CS312 Lecture 3: Recursive Datatypes

Administrivia

val sectionsize_335 = 8;
val sectionsize_1115 = 35;

Problem set #1 due Tue 4PM. Future problem sets will be due Thursday 1AM, yes we mean AM. Intended to give you a chance to get some sleep and come to lecture.  Note that this means 9 hours before Thursday's lecture starts, not 15 hours after Thursday's lecture starts. Also note that due dates are absolutely firm (the submission system shuts off).

A few people in CS312 inevitably try to cheat. Don't be among them: we have extremely sophisticated tools for catching cheaters, including copious records of old solutions (note that problems sets change from year to year). The possible penalties for being caught include getting a 0 in the assignment, an F in the course (dropping not allowed), or a letter in your permanent file (part of the process of being expelled from Cornell).  We are hard-nosed about this; don't find this out for yourself.

Recursive Datatypes

In recitation you should have seen datatypes, which are SML types that can have more than one kind of value. This involved a new kind of declaration, a datatype declaration:

decl ::= ...  | datatype id = constructor_decl1 |...|constructor_decln
constructor_decl
::= id | id of type

expr
::= ... | id expr | case expr of pattern1 => expr1 | ... | patternn => exprn
pattern
::= (id : type, ..., id : type) | id(id : type, ..., id : type) | ...

We can use datatypes to define many useful data structures. In particular, suppose we want to define a new type "number" that includes both ints and reals.  This can be accomplished in SML by the following datatype definition:

datatype num = Int_num of int | Real_num of real

This declaration gives us a new type (num) and two constructors Int_num and Real_num.  The Int_num constructor takes an int as an argument and returns a num, while the Real_num constructor takes a real as an argument and returns a num.  In this fashion, we can create a type that is the (disjoint) union of two other types. 

We can even define data structures that act like the natural numbers, demonstrating that we don't really have to have numbers built into SML! A natural number is either the value zero or the successor of (next number after) some other natural number.
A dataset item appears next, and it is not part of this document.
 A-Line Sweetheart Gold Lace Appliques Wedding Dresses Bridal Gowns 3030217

This definition (Peano arithmetic) leads naturally to the following definition for values that act like natural numbers nat:

datatype nat = Zero | Next of nat

This is how you might define the natural numbers in a mathematical logic course. We have defined a new type nat, and Zero and Next are constructors for values of this type. This datatype is more sophisticated than the ones we saw in recitation: it is a recursive datatype because the definition of what a nat is mentions nat itself. 
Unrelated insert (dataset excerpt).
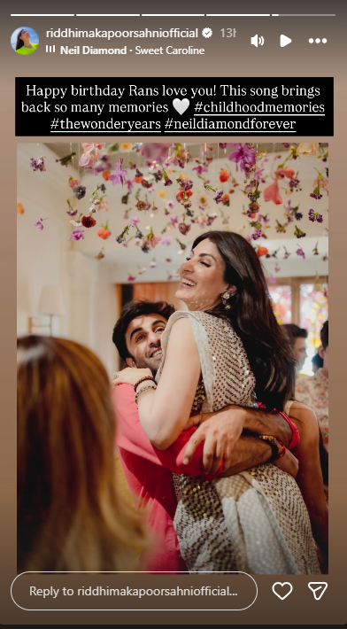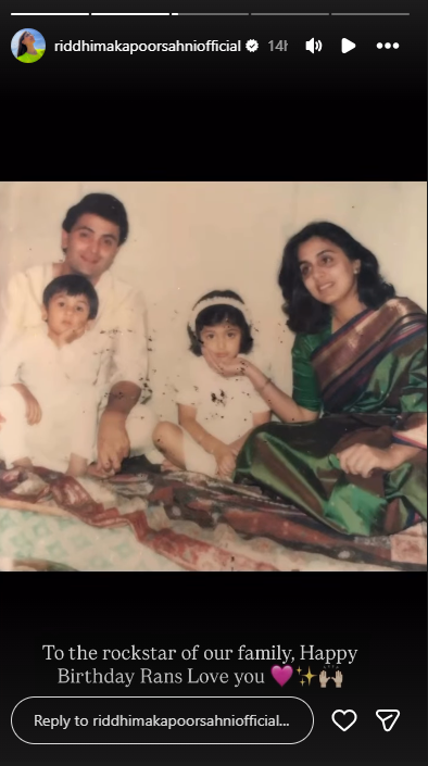 रणबीर की बहन रिद्धिमा कपूर साहनी ने भी भाई को बर्थडे विश करने में कोई कसर नहीं छोड़ी। उन्होंने इंस्टाग्राम पर एक फैमिली फोटो पोस्ट की और लिखा – “हमारे परिवार के रॉकस्टार को जन्मदिन की हार्दिक शुभकामनाएं, रेंस, आपसे प्यार करती हूं।” इसके अलावा रिद्धिमा ने एक पुरानी तस्वीर भी साझा की, जिसमें रणबीर उन्हें गोद में लिए नजर आ रहे हैं। इस तस्वीर ने भाई-बहन के रिश्ते की मिठास को और भी खास बना दिया।

Question: after we enter this datatype into ML, what is the type of Zero? What about Next??

Using this definition, we can write define some values that act like natural numbers:

val zero = Zero
val one = Next(Zero)
val two = Next(Next(Zero))
val three = Next(two)
val four = Next(three)

When we ask the compiler what four represents, we get

- four;
val it = Next (Next (Next (Next Zero))) : nat

Thus four is a nested data structure. The equivalent Java definitions would be

public interface nat { }
public class Zero implements nat { }
public class Next implements nat { nat value; Next(nat v) { value = v; } /* etc */ }

nat zero = new Zero();
nat one = new Next(new Zero());
nat two = new Next(new Next(new Zero()));
nat three = new Next(two);
nat four = new Next(three);

And in fact the Java objects representing the various numbers are actually implemented similarly to the SML values representing the corresponding numbers.

Now we can write functions to manipulate values of this type.

fun iszero(n : nat) : bool = 
  case n of
    Zero => true
  | Next(m) => false

The case expression allows us to do pattern matching on expressions. Here we're pattern-matching a value of type nat. If the value is Zero we evaluate to true; otherwise we evaluate to false.

fun pred(n : nat) : nat = 
  case n of
    Zero => raise Fail "predecessor on zero"
  | Next(m) => m

Here we determine the predecessor of a number. If the value of n matches Zero then we raise an exception, since zero has no predecessor in the natural numbers. If the value matches Next(m) for some value m (which of course also must be of type nat), then we return m.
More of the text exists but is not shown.